### What you need to do
Exact reproduction is required for the lines below starting at the line with "Dank einer weiteren" and ending at the line with "Il progetto, organizzato", both included. No other lines, and no pictures.

### Task input
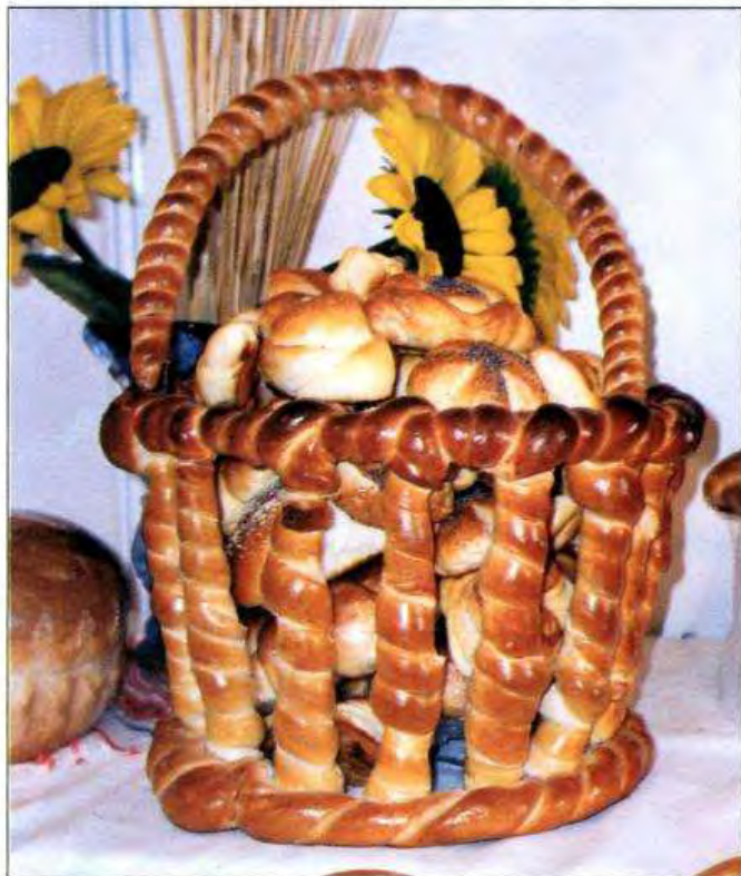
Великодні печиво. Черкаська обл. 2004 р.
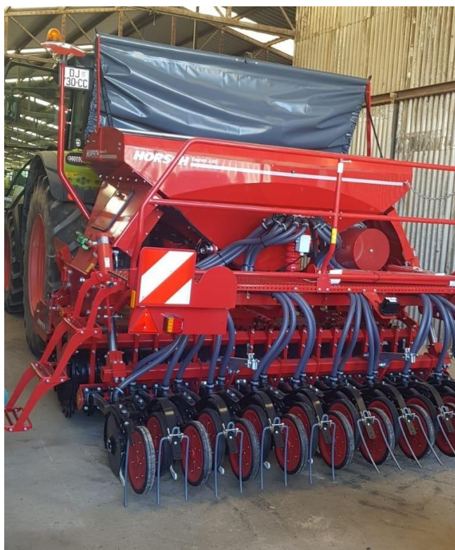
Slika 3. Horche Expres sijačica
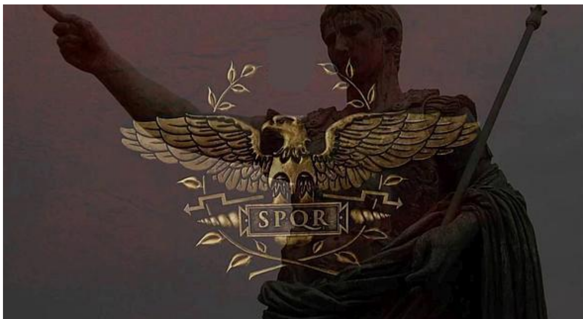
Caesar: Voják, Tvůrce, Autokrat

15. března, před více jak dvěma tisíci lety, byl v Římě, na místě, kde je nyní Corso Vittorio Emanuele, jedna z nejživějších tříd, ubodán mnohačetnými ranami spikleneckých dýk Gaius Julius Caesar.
--
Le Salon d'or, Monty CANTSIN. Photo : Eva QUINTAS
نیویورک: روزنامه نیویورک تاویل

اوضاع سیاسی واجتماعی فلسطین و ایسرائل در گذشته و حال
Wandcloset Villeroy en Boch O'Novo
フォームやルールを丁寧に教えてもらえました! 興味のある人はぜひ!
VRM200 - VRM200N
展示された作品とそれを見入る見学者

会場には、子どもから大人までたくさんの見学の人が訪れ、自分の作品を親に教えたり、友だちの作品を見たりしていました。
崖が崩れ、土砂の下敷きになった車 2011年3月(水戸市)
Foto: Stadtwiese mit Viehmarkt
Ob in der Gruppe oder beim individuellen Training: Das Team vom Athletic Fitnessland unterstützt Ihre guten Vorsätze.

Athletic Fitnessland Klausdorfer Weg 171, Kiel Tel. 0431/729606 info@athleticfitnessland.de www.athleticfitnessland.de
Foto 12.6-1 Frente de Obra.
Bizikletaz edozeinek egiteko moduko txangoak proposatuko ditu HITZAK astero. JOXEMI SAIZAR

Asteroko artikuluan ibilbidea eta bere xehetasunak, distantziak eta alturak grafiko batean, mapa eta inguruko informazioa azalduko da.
---
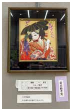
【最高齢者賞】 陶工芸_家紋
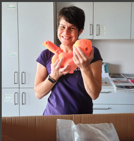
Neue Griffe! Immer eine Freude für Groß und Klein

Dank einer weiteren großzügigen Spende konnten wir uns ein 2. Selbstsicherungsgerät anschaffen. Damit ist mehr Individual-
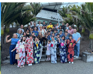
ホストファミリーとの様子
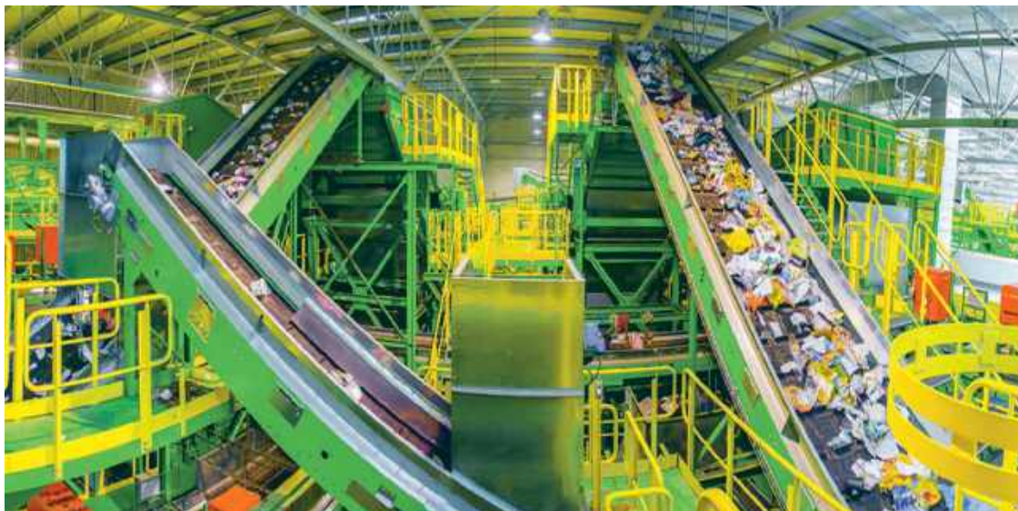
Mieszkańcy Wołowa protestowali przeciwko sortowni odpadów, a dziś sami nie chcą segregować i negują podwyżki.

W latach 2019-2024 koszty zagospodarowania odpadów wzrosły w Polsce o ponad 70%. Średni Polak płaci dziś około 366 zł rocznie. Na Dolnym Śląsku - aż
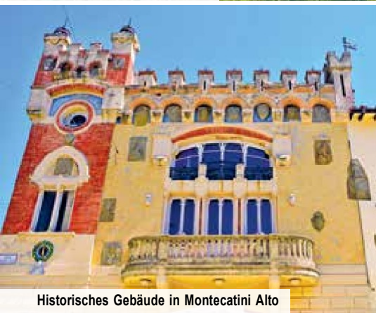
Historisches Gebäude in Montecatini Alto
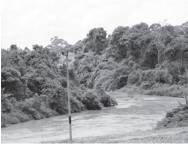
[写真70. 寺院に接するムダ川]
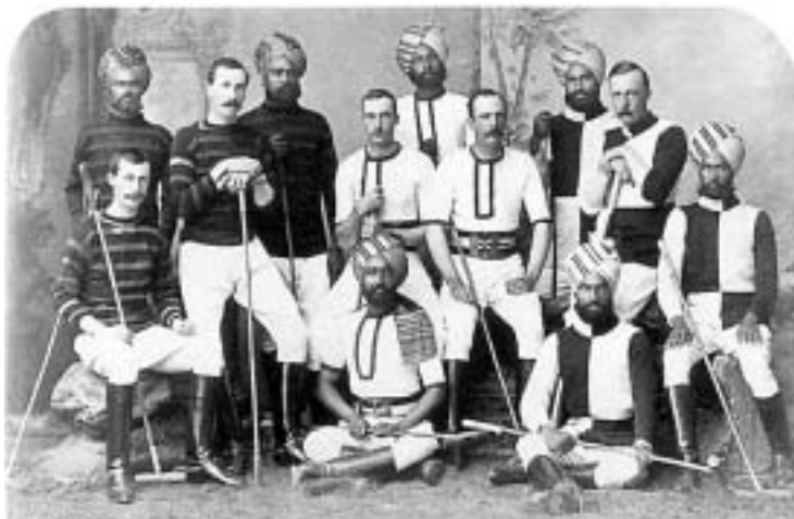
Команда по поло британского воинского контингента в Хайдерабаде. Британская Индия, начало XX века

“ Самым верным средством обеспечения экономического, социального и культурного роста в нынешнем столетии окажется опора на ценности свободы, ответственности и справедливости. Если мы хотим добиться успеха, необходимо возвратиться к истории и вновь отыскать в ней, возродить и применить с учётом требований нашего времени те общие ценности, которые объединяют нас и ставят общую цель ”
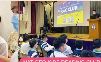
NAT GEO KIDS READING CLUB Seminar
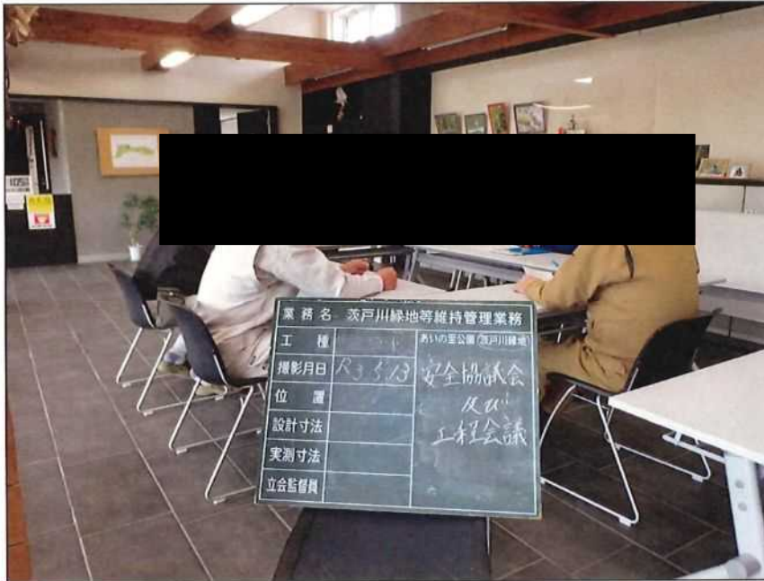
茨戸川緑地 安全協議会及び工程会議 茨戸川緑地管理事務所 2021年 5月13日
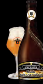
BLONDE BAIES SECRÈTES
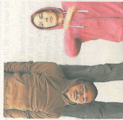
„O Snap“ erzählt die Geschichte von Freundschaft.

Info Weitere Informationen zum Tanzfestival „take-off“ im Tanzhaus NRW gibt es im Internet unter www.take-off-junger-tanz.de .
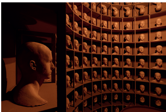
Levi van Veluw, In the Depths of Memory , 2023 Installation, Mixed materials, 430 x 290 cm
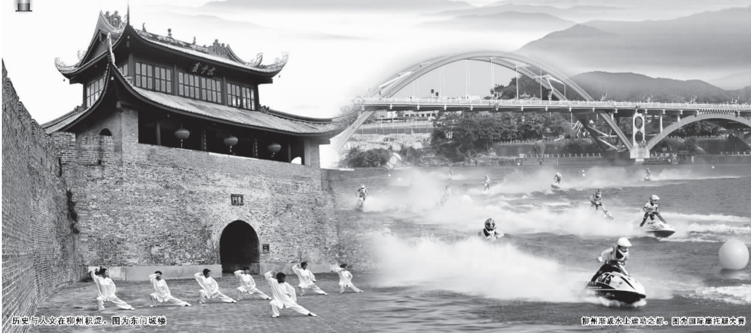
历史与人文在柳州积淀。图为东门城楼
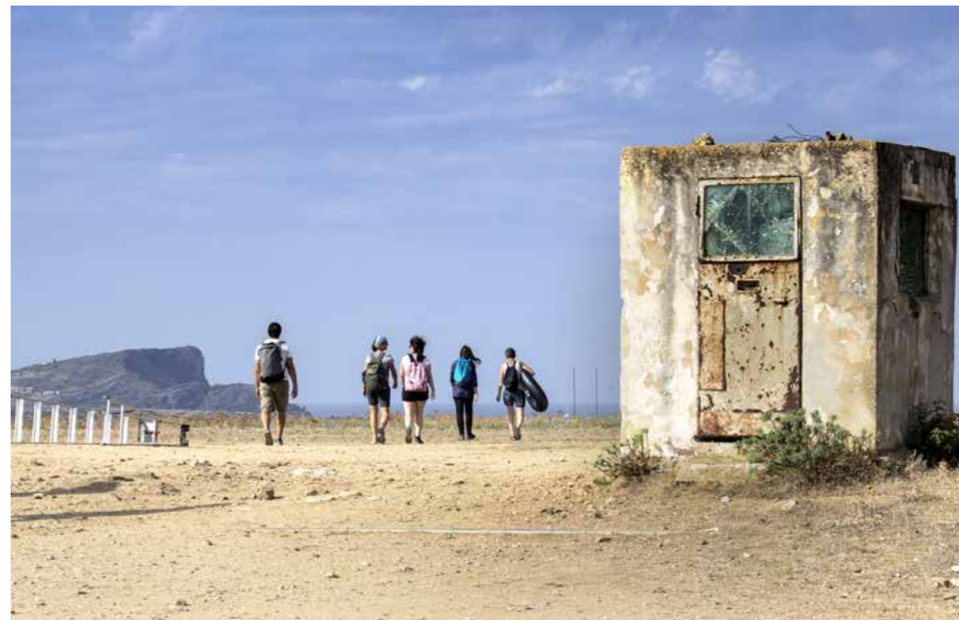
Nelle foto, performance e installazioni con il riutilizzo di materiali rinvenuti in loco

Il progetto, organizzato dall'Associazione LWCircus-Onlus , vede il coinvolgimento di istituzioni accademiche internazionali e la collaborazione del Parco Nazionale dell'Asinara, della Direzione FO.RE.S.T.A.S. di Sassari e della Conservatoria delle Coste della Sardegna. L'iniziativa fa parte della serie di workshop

### Task response
Dank einer weiteren großzügigen Spende konnten wir uns ein 2. Selbstsicherungsgerät anschaffen. Damit ist mehr Individual-
ホストファミリーとの様子
Mieszkańcy Wołowa protestowali przeciwko sortowni odpadów, a dziś sami nie chcą segregować i negują podwyżki.

W latach 2019-2024 koszty zagospodarowania odpadów wzrosły w Polsce o ponad 70%. Średni Polak płaci dziś około 366 zł rocznie. Na Dolnym Śląsku - aż
Historisches Gebäude in Montecatini Alto
[写真70. 寺院に接するムダ川]
Команда по поло британского воинского контингента в Хайдерабаде. Британская Индия, начало XX века

“ Самым верным средством обеспечения экономического, социального и культурного роста в нынешнем столетии окажется опора на ценности свободы, ответственности и справедливости. Если мы хотим добиться успеха, необходимо возвратиться к истории и вновь отыскать в ней, возродить и применить с учётом требований нашего времени те общие ценности, которые объединяют нас и ставят общую цель ”
NAT GEO KIDS READING CLUB Seminar
茨戸川緑地 安全協議会及び工程会議 茨戸川緑地管理事務所 2021年 5月13日
BLONDE BAIES SECRÈTES
„O Snap“ erzählt die Geschichte von Freundschaft.

Info Weitere Informationen zum Tanzfestival „take-off“ im Tanzhaus NRW gibt es im Internet unter www.take-off-junger-tanz.de .
Levi van Veluw, In the Depths of Memory , 2023 Installation, Mixed materials, 430 x 290 cm
历史与人文在柳州积淀。图为东门城楼
Nelle foto, performance e installazioni con il riutilizzo di materiali rinvenuti in loco

Il progetto, organizzato dall'Associazione LWCircus-Onlus , vede il coinvolgimento di istituzioni accademiche internazionali e la collaborazione del Parco Nazionale dell'Asinara, della Direzione FO.RE.S.T.A.S. di Sassari e della Conservatoria delle Coste della Sardegna. L'iniziativa fa parte della serie di workshop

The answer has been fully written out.